## The task
Each record should be given again exactly as it appears, with no image included.

Items from a data source:
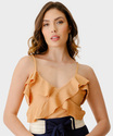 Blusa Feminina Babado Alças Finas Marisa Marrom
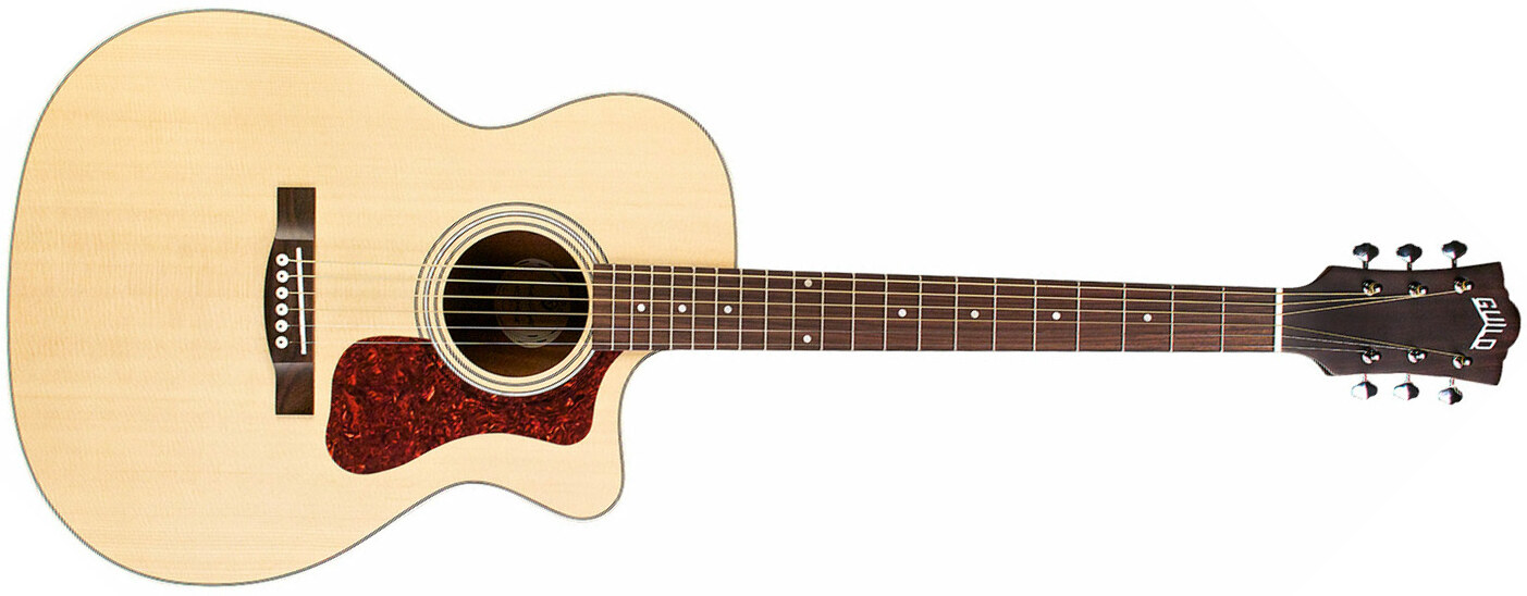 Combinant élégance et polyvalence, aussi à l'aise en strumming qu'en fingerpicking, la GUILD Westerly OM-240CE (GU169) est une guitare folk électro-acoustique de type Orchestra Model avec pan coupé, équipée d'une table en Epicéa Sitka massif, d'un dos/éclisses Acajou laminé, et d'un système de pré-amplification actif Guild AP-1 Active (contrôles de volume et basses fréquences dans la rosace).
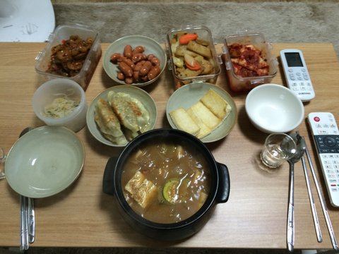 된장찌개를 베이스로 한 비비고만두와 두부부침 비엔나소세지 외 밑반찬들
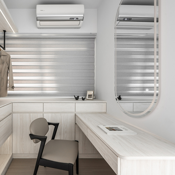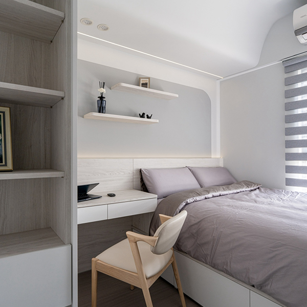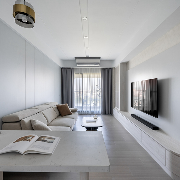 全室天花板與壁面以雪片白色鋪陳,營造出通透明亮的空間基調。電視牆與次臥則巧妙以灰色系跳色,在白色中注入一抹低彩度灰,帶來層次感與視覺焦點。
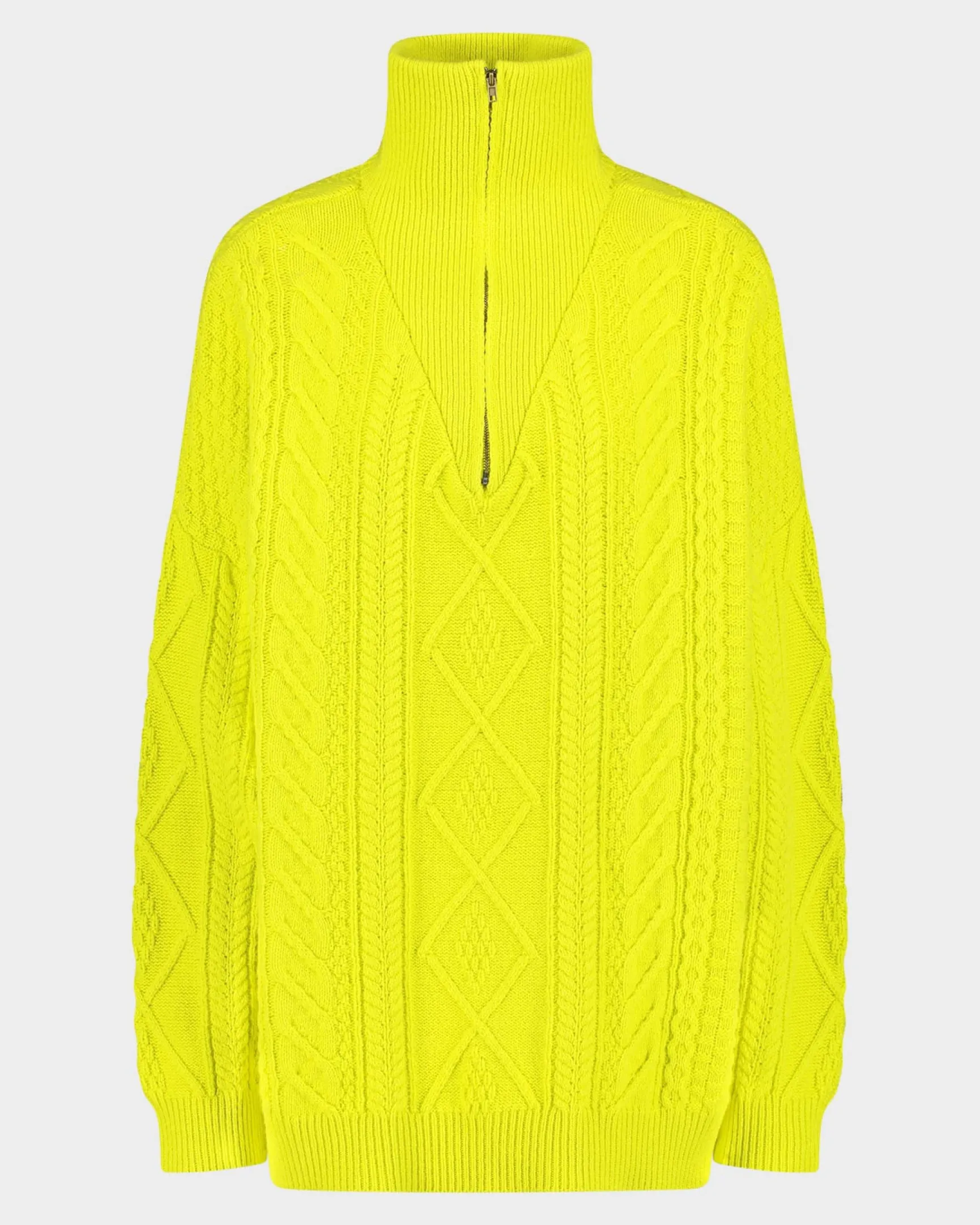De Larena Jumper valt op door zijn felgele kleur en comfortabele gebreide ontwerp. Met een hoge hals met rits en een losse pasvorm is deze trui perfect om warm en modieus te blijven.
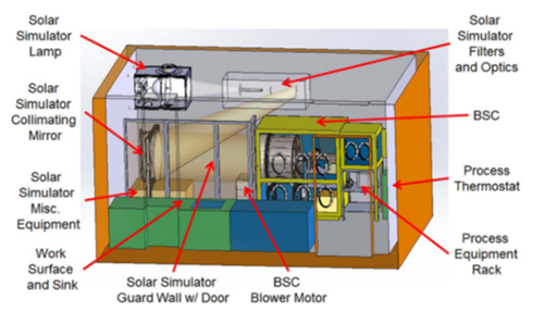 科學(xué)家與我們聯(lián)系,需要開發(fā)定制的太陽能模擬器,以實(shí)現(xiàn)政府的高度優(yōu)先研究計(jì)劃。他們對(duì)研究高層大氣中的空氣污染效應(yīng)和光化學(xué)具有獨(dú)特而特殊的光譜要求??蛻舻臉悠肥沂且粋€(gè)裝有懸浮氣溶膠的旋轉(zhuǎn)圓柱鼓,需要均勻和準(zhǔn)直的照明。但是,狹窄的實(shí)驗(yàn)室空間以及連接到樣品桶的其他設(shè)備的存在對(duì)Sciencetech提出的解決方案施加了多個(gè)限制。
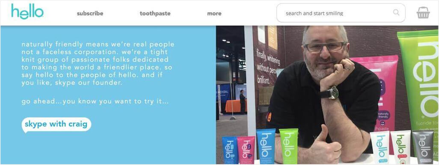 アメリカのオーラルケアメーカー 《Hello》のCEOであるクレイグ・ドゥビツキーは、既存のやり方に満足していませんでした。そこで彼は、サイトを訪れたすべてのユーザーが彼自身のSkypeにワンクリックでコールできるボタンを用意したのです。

## Reply
 Blusa Feminina Babado Alças Finas Marisa Marrom
 Combinant élégance et polyvalence, aussi à l'aise en strumming qu'en fingerpicking, la GUILD Westerly OM-240CE (GU169) est une guitare folk électro-acoustique de type Orchestra Model avec pan coupé, équipée d'une table en Epicéa Sitka massif, d'un dos/éclisses Acajou laminé, et d'un système de pré-amplification actif Guild AP-1 Active (contrôles de volume et basses fréquences dans la rosace).
 된장찌개를 베이스로 한 비비고만두와 두부부침 비엔나소세지 외 밑반찬들
 全室天花板與壁面以雪片白色鋪陳,營造出通透明亮的空間基調。電視牆與次臥則巧妙以灰色系跳色,在白色中注入一抹低彩度灰,帶來層次感與視覺焦點。
De Larena Jumper valt op door zijn felgele kleur en comfortabele gebreide ontwerp. Met een hoge hals met rits en een losse pasvorm is deze trui perfect om warm en modieus te blijven.
 科學(xué)家與我們聯(lián)系,需要開發(fā)定制的太陽能模擬器,以實(shí)現(xiàn)政府的高度優(yōu)先研究計(jì)劃。他們對(duì)研究高層大氣中的空氣污染效應(yīng)和光化學(xué)具有獨(dú)特而特殊的光譜要求??蛻舻臉悠肥沂且粋€(gè)裝有懸浮氣溶膠的旋轉(zhuǎn)圓柱鼓,需要均勻和準(zhǔn)直的照明。但是,狹窄的實(shí)驗(yàn)室空間以及連接到樣品桶的其他設(shè)備的存在對(duì)Sciencetech提出的解決方案施加了多個(gè)限制。
 アメリカのオーラルケアメーカー 《Hello》のCEOであるクレイグ・ドゥビツキーは、既存のやり方に満足していませんでした。そこで彼は、サイトを訪れたすべてのユーザーが彼自身のSkypeにワンクリックでコールできるボタンを用意したのです。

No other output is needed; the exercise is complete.